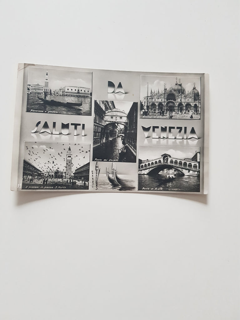 AK Saluti da Venezia. Gelaufen. Kleinformat. Zustand: linkes oberes Eck und am rechten Rand geknickt.
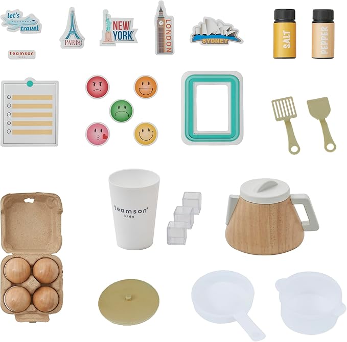 - (17) KITCHEN ACCESSORIES: a coffee pot, spatulas, pot & pan with lid, two seasoning bottles, a cup, three pretend ice cubes, 4 "crackable" eggs, two recycling bins and magnetic items for the refrigerator door
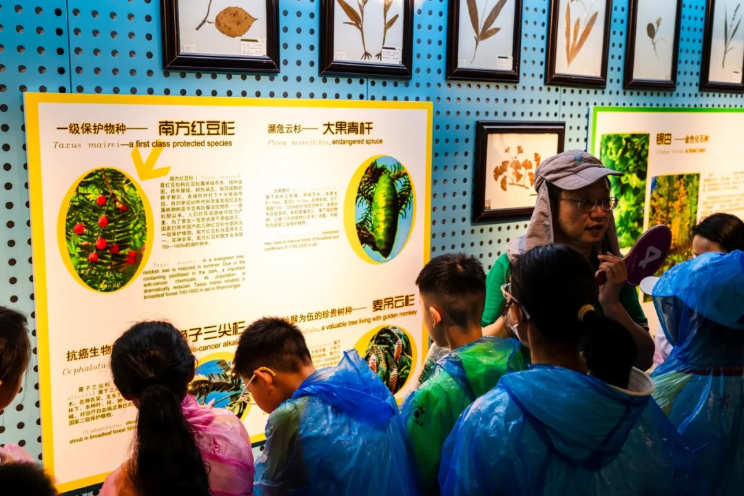 而在神农架大型科普基地「官门山生态科普景区」,科考老师开启小课堂,教孩子们辨认神农架特有的动植物标本。
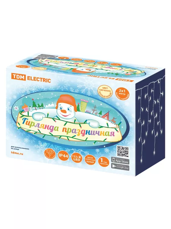 Гирлянда светодиодная «Бахрома» 2х1 м, 152LED, 3000К, мерц-е, посл. подкл, IP44, 250 В, TDM
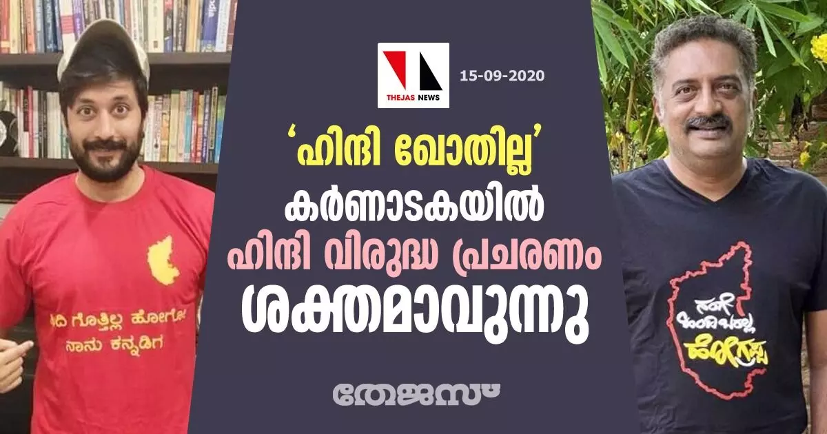 ബെംഗളുരു: തമിഴ്നാടിനു പിറകെ കര്ണാടകയിലും ഹിന്ദി വിരുദ്ധ വികാരം ശക്തമാകുന്നു. ഹിന്ദി ദിനമായി ആചരിച്ച സെപ്റ്റംബര് 14 ന് ഒരു കൂട്ടം സെലിബ്രിറ്റികളും അഭിനേതാക്കളും 'ഹിന്ദി ഗോഥില്ല' (ഞാന് ഹിന്ദി സംസാരിക്കില്ല), 'നംഗെ ഹിന്ദി ബരല്ല, ഹൊഗ്രപ്പ'(എനിക്ക് ഹിന്ദി അറിയില്ല, പോടോ) എന്നിവ എഴുതിയ സന്ദേശങ്ങളുള്ള ടി-ഷര്ട്ടുകള് ധരിച്ച് പ്രതിഷേധത്തില് പങ്കുചേര്ന്നു. പ്രമുഖ അഭിനേതാക്കളായ പ്രകാശ് രാജ്, ചേതന്, ധനഞ്ജയ എന്നിവരും സാമൂഹിക മാധ്യമങ്ങളില് പ്രതിഷേധവുമായി എത്തി.
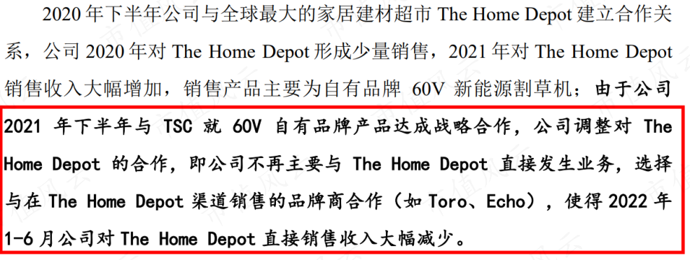 2020年下半年,格力博开始与家得宝合作,销售产品主要为自有品牌60V割草机。但是2021年下半年,公司却停止了与家得宝的直接业务,而是选择为家得宝的其他美国供应商(如Toro、Echo)代工。
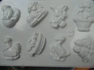 Gipszkiöntő forma, normál - Húsvéti 8 motívum – rugalmas szilikon öntőforma gipsz, gyanta vagy cement öntéséhez.
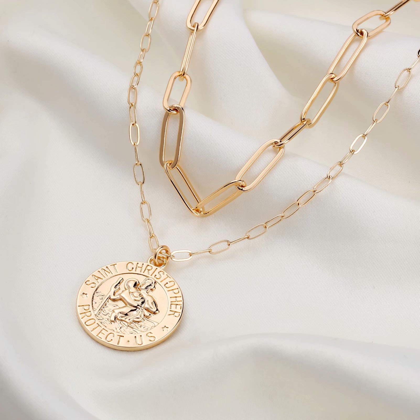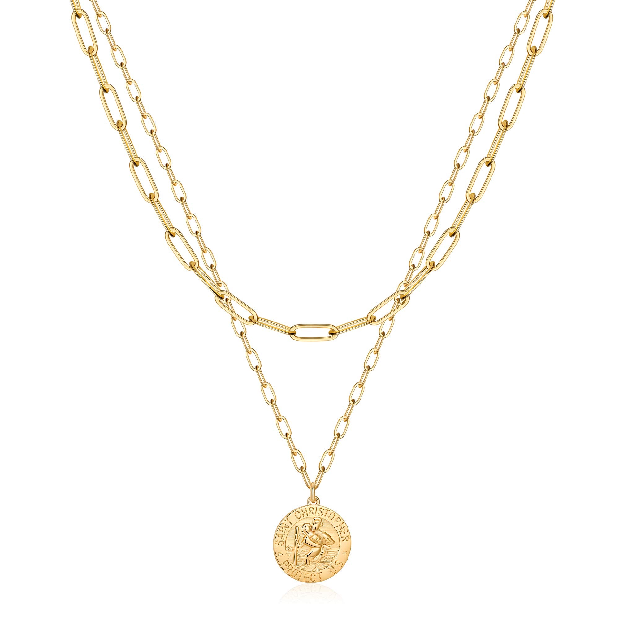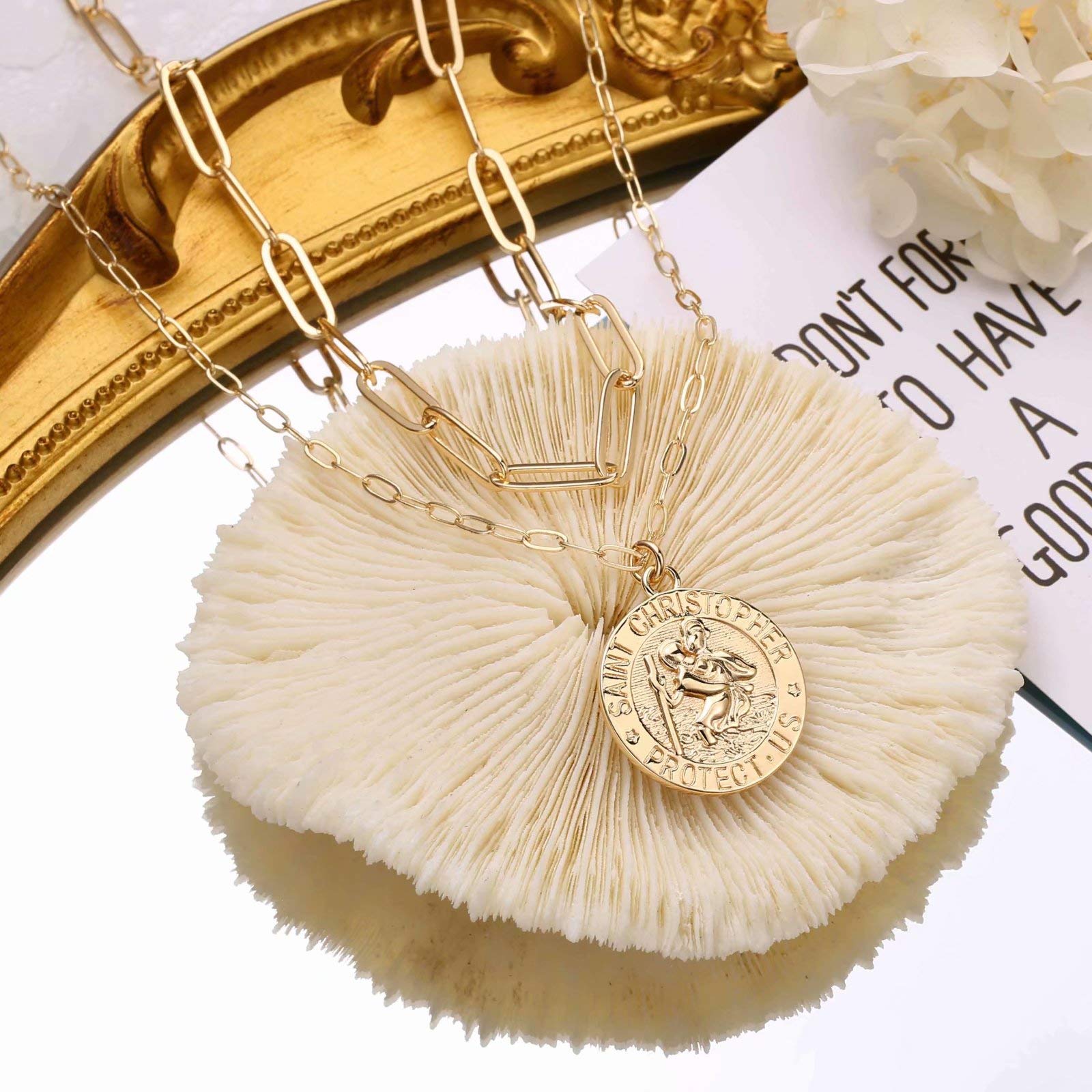 Turandoss 14K Gold Plated Triangle Layered Necklaces for Women, 14K Gold Plated Triangle Bar Multi Disc Layered Choker Necklace for Women
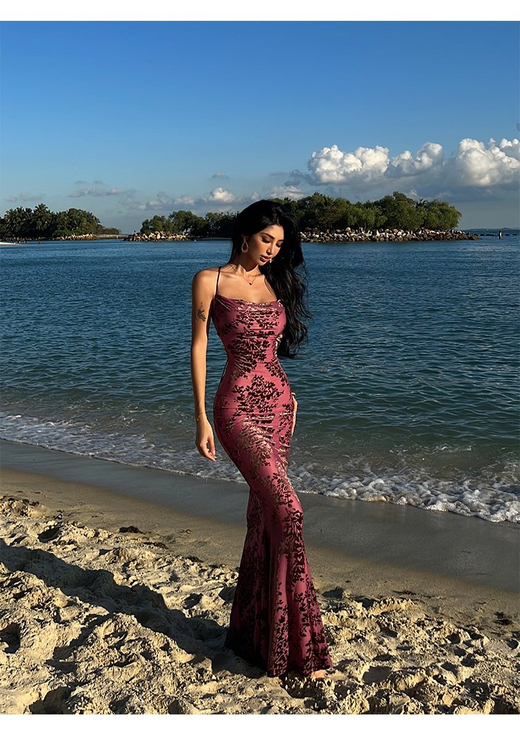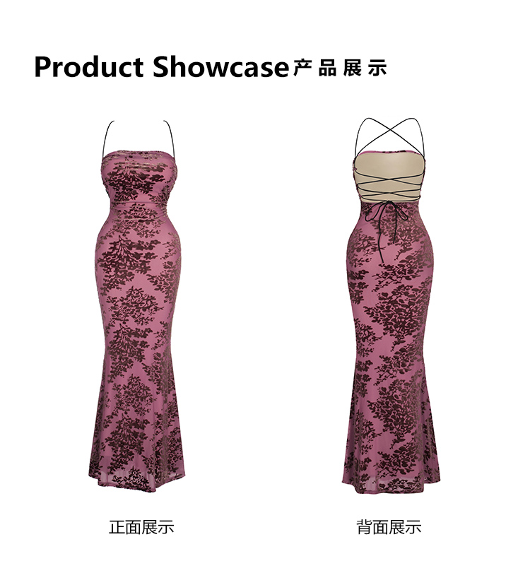 产品名称 | Product name: presale 15days 美式辣妹碎花吊带裙女2023夏季复古无袖露肩修身性感连衣裙
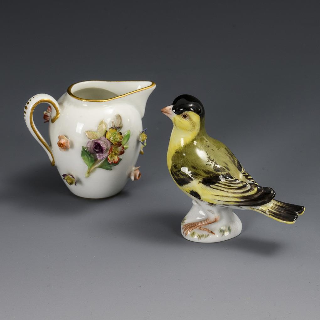 1x 2nd half 20th century, model no. 77208, design 1763 by Johann Joachim Kaendler (1706-1775) and collaborator: Zeisig (H 5.5 cm). / 1x 1850-1924, jug with blossom overlay (h 4.5 cm). Both 1st choice. Flower cover minimally bumped.
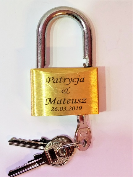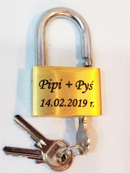 Korpus kłódki jest wykonany z mosiądzu, dlatego grawer wychodzi na czarno/grafitowy kolor.
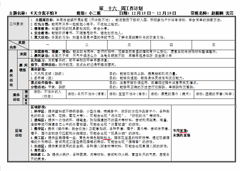 第十六周周计划
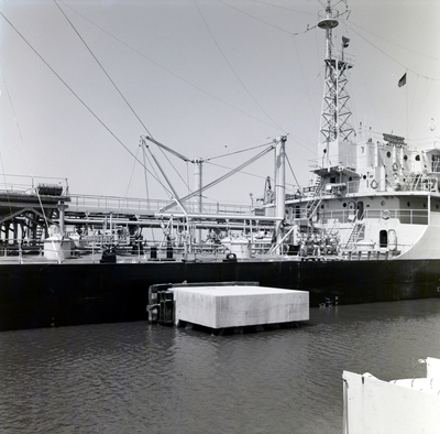 USNS Tallulah deck. The ship is next to a platform in the water. Photo taken for Fowler, White, H., G., and K.
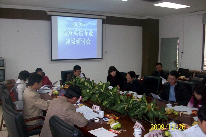 12月26日下午,人文学院商务英语专业在教学楼A302召开2009年度商务英语专业建设研讨会。研讨会主要研究了2009商务英语事务专业标准、实训基地建设、校企合作等问题。
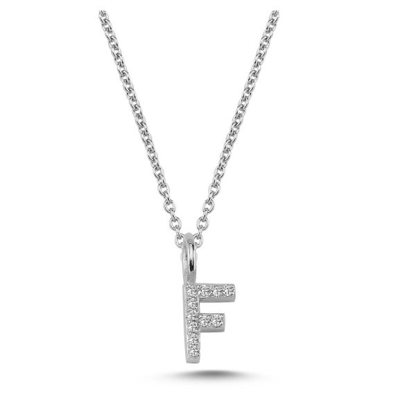 14kt. bogstav vedhæng F med pavè 11 x 0,005ct. W-si 6,5mm
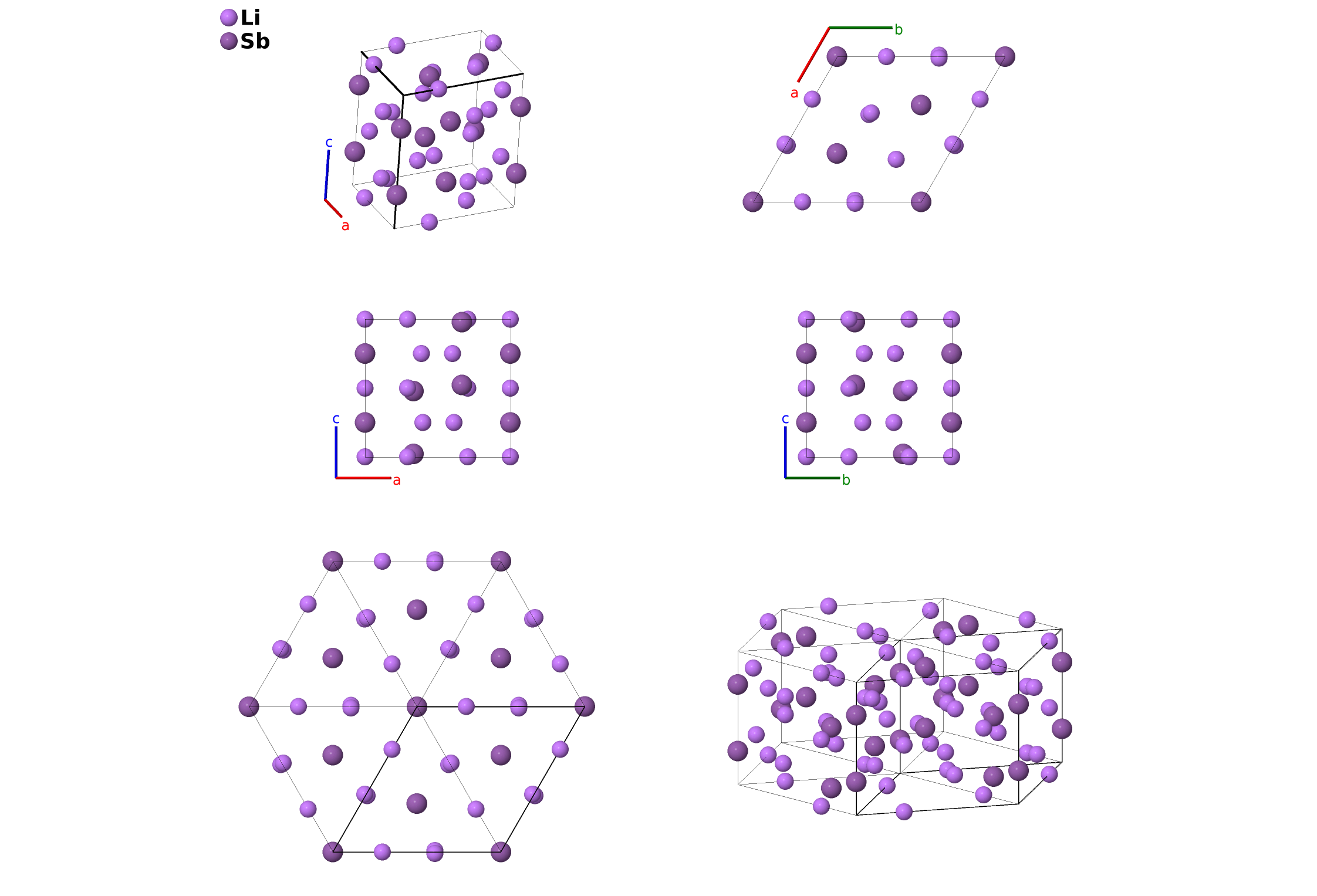 | $\mathbf{B_{6}}$ | = | $\frac{2}{3} \, \mathbf{a}_{1}+\frac{1}{3} \, \mathbf{a}_{2}+\left(z_{2} + \frac{1}{2}\right) \, \mathbf{a}_{3}$ | = | $\frac{1}{2}a \,\mathbf{\hat{x}}- \frac{\sqrt{3}}{6}a \,\mathbf{\hat{y}}+c \left(z_{2} + \frac{1}{2}\right) \,\mathbf{\hat{z}}$ | (4f) | Sb II |
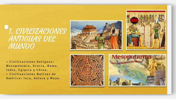 » Civilizaciones Antiguas: Mesopotamia, Grecia, Roma, India, Egipcia y China. » Civilizaciones Nativas de América: Inca, Azteca y Maya.
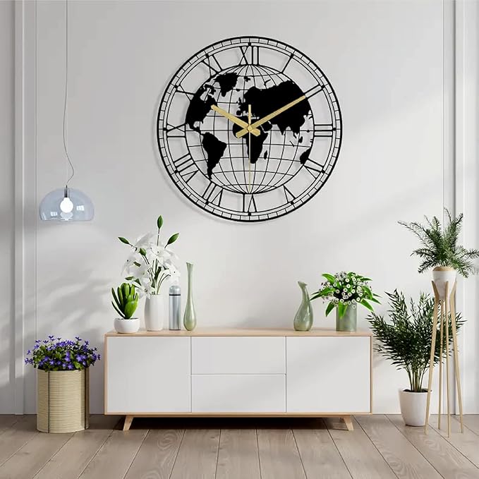 Style Enhancement: Modern clocks with unique designs, like the world map dial, reflect sophistication and contemporary taste.
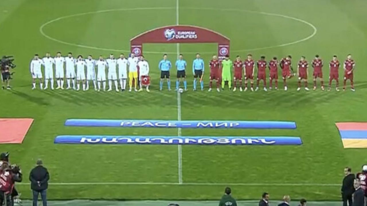 Başkent Erivan'daki Republican Stadyumu'nda oynanan mücadele öncesinde Ermeni taraftarlar, büyük bir saygısızlık yaptı.

**About this task**
Starting at the line that contains "Azteca y Maya.", reproduce every line through the last one in the records exactly, and omit all pictures.

**Your response**
 » Civilizaciones Antiguas: Mesopotamia, Grecia, Roma, India, Egipcia y China. » Civilizaciones Nativas de América: Inca, Azteca y Maya.
 Style Enhancement: Modern clocks with unique designs, like the world map dial, reflect sophistication and contemporary taste.
 Başkent Erivan'daki Republican Stadyumu'nda oynanan mücadele öncesinde Ermeni taraftarlar, büyük bir saygısızlık yaptı.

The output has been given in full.